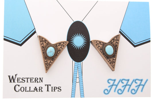 Collar Tip, Western Collar Tip, Antique Copper/turquoise stones (howlite Tq) 1 pair
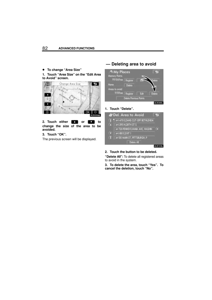 82ADVANCED FUNCTIONS To change "Area Size"1. Touch "Area Size" on the "Edit Areato Avoid" screen.2. Touch either or tochange the size of the area to beavoided.3. Touch "OK".The previous screen will be displayed.1. Touch "Delete".2. Touch the button to be deleted."Delete All": To delete all registered areasto avoid in the system.3. To delete the area, touch "Yes". Tocancel the deletion, touch "No".- Deleting area to avoid
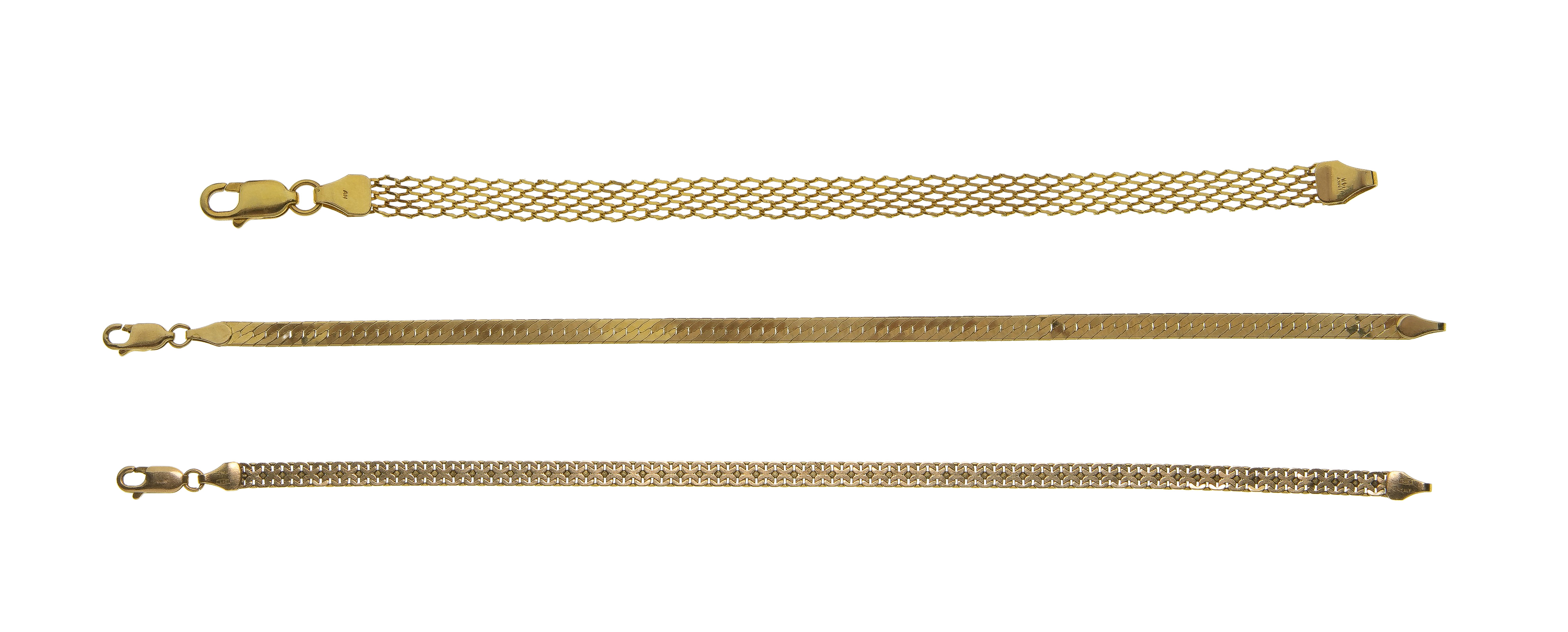 (3) chain style items including a herringbone, an X-style and a mesh style (all marked ’14k’)
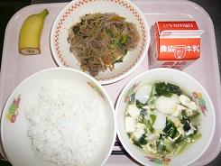 ごはん、トック、チャプチェ、バナナ、牛乳
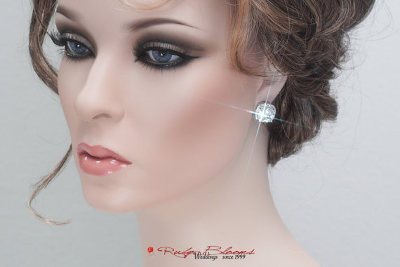 CZ Bridal Stud Earrings, Crystal Stud Earrings, Bridal Post Earrings, Cubic Zirconia Earrings Silver Bling Bridal Earrings, Gift CZ Earrings
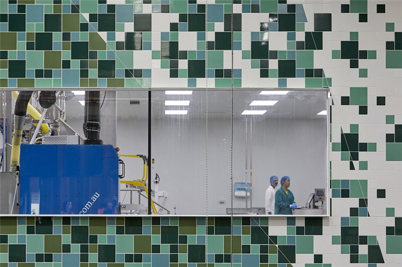 多彩的線條從附近的自然保護(hù)區(qū)一直延伸到位于生產(chǎn)區(qū)核心地帶的巨型壁畫(huà)上,吸引著員工和參觀工廠的訪客。產(chǎn)自本地的澳洲硬木和紋理豐富的墻面從外部景觀“流進(jìn)”室內(nèi),在自然光線的配合下?tīng)I(yíng)造出富有生機(jī)的氛圍。
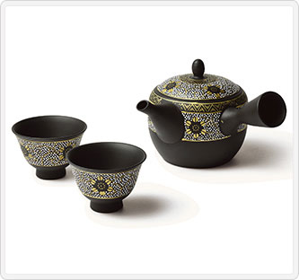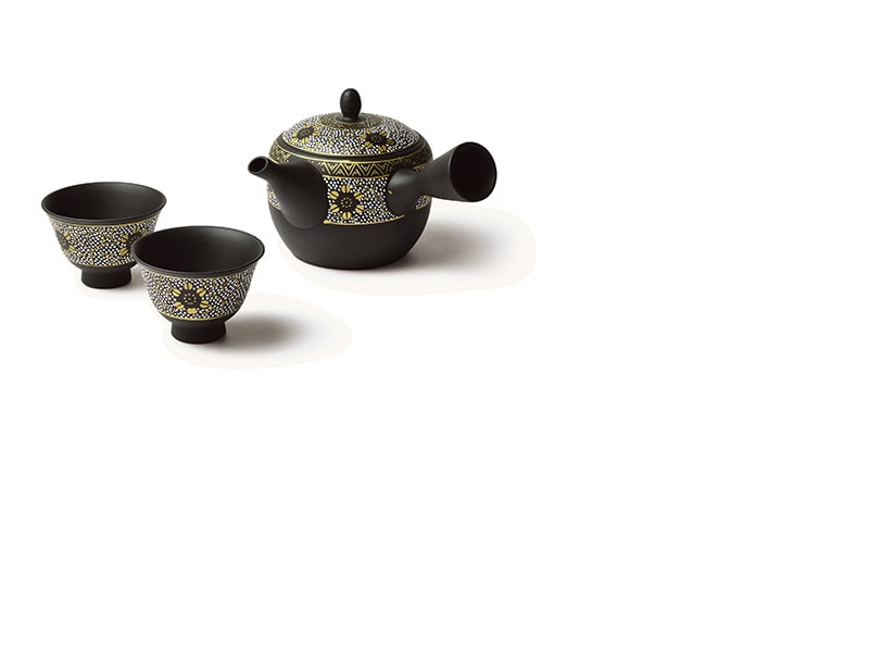急須の産地としられる愛知県常滑市から、伝統工芸士・梅原隆氏が手がける「白盛花紋 茶器揃」を。父・梅原晴隆氏が創立した〔玉光陶園〕を2代目として受け継いで以来、数々の受賞を重ねてきました。絵付けは九谷焼の職人がひとつひとつ白盛という白絵の具を凸状に盛り上げる技法で手書きをしており、常滑焼と九谷焼の技を感じることができます。
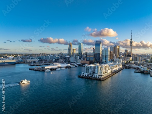 Naklejka premium Auckland, New Zealand: A ferry transports people across the harbor, with the city skyline and Sky Tower in the background. The city is a hub for business and tourism.

----------------

> [TASK PROMPT] Within the entries above, the lines from the one with "(3) chain style" through the final line are to be printed exactly, with the pictures removed.

> [ANSWER SPACE]
 (3) chain style items including a herringbone, an X-style and a mesh style (all marked ’14k’)
 ごはん、トック、チャプチェ、バナナ、牛乳
 CZ Bridal Stud Earrings, Crystal Stud Earrings, Bridal Post Earrings, Cubic Zirconia Earrings Silver Bling Bridal Earrings, Gift CZ Earrings
 多彩的線條從附近的自然保護(hù)區(qū)一直延伸到位于生產(chǎn)區(qū)核心地帶的巨型壁畫(huà)上,吸引著員工和參觀工廠的訪客。產(chǎn)自本地的澳洲硬木和紋理豐富的墻面從外部景觀“流進(jìn)”室內(nèi),在自然光線的配合下?tīng)I(yíng)造出富有生機(jī)的氛圍。
急須の産地としられる愛知県常滑市から、伝統工芸士・梅原隆氏が手がける「白盛花紋 茶器揃」を。父・梅原晴隆氏が創立した〔玉光陶園〕を2代目として受け継いで以来、数々の受賞を重ねてきました。絵付けは九谷焼の職人がひとつひとつ白盛という白絵の具を凸状に盛り上げる技法で手書きをしており、常滑焼と九谷焼の技を感じることができます。
 Naklejka premium Auckland, New Zealand: A ferry transports people across the harbor, with the city skyline and Sky Tower in the background. The city is a hub for business and tourism.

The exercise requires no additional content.